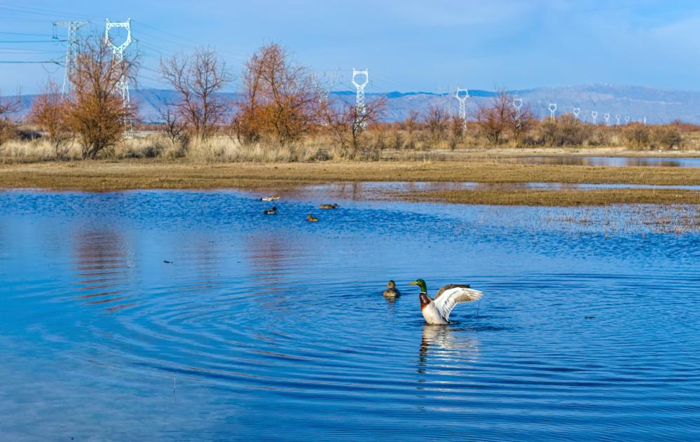 在位于新疆阿勒泰福海县的乌伦古湖国家湿地公园,候鸟在输电线路旁游水嬉戏(4月1日摄)。
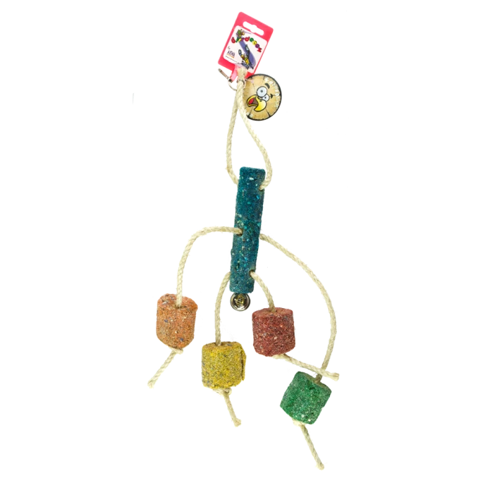 Klim- speeltouw met coral/zandstructuur! Draagt bij aan het onderhoud van de pootjes en snavel van uw vogel. U kunt zelf bepalen op welke hoogte de coral/zandstructuurballen komen te hangen door ze te verschuiven. Dit speeltje is makkelijk te monteren met behulp van het karabijnhaakje.
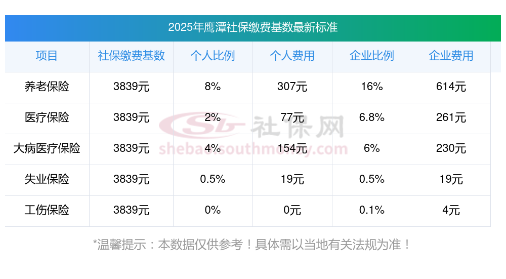 2025年鹰潭社保缴费基数是多少?2025年鹰潭社保交多少钱?社保的缴费金额取决于多个因素,包括缴费基数、缴费比例以及所在地的具体法规等。
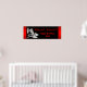 Elegante pancarta de cumpleaños de mujer con zapatos de tacón alto de purpurina negra y roja y copa de champán. Puedes personalizar esta pancarta de fiesta de zapatos de tacón alto rojo con el texto de tu elección en el estilo de letra y color que desees.
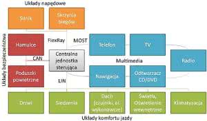 Główne interfejsy komunikacyjne to LIN, CAN, FlexRay oraz MOST. Różnią się one znacznie od siebie pod wieloma względami, dzięki czemu każdy z nich znajduje zastosowanie w innym obszarze systemów elektronicznych pojazdu. Przykładową architekturę sieci motoryzacyjnej wykorzystującej interfejsy LIN, CAN, FlexRay oraz MOST pokazano na rysunku 1.

_ _ _ _ _ _ _

--- WORK TO COMPLETE ---
Write out exactly the lines from the line that contains "Klim- speeltouw met" to the last line of the material above, both included; pictures do not belong in the copy.

--- RESPONSE TO THE EXERCISE ---
 Klim- speeltouw met coral/zandstructuur! Draagt bij aan het onderhoud van de pootjes en snavel van uw vogel. U kunt zelf bepalen op welke hoogte de coral/zandstructuurballen komen te hangen door ze te verschuiven. Dit speeltje is makkelijk te monteren met behulp van het karabijnhaakje.
 2025年鹰潭社保缴费基数是多少?2025年鹰潭社保交多少钱?社保的缴费金额取决于多个因素,包括缴费基数、缴费比例以及所在地的具体法规等。
 Elegante pancarta de cumpleaños de mujer con zapatos de tacón alto de purpurina negra y roja y copa de champán. Puedes personalizar esta pancarta de fiesta de zapatos de tacón alto rojo con el texto de tu elección en el estilo de letra y color que desees.
 Główne interfejsy komunikacyjne to LIN, CAN, FlexRay oraz MOST. Różnią się one znacznie od siebie pod wieloma względami, dzięki czemu każdy z nich znajduje zastosowanie w innym obszarze systemów elektronicznych pojazdu. Przykładową architekturę sieci motoryzacyjnej wykorzystującej interfejsy LIN, CAN, FlexRay oraz MOST pokazano na rysunku 1.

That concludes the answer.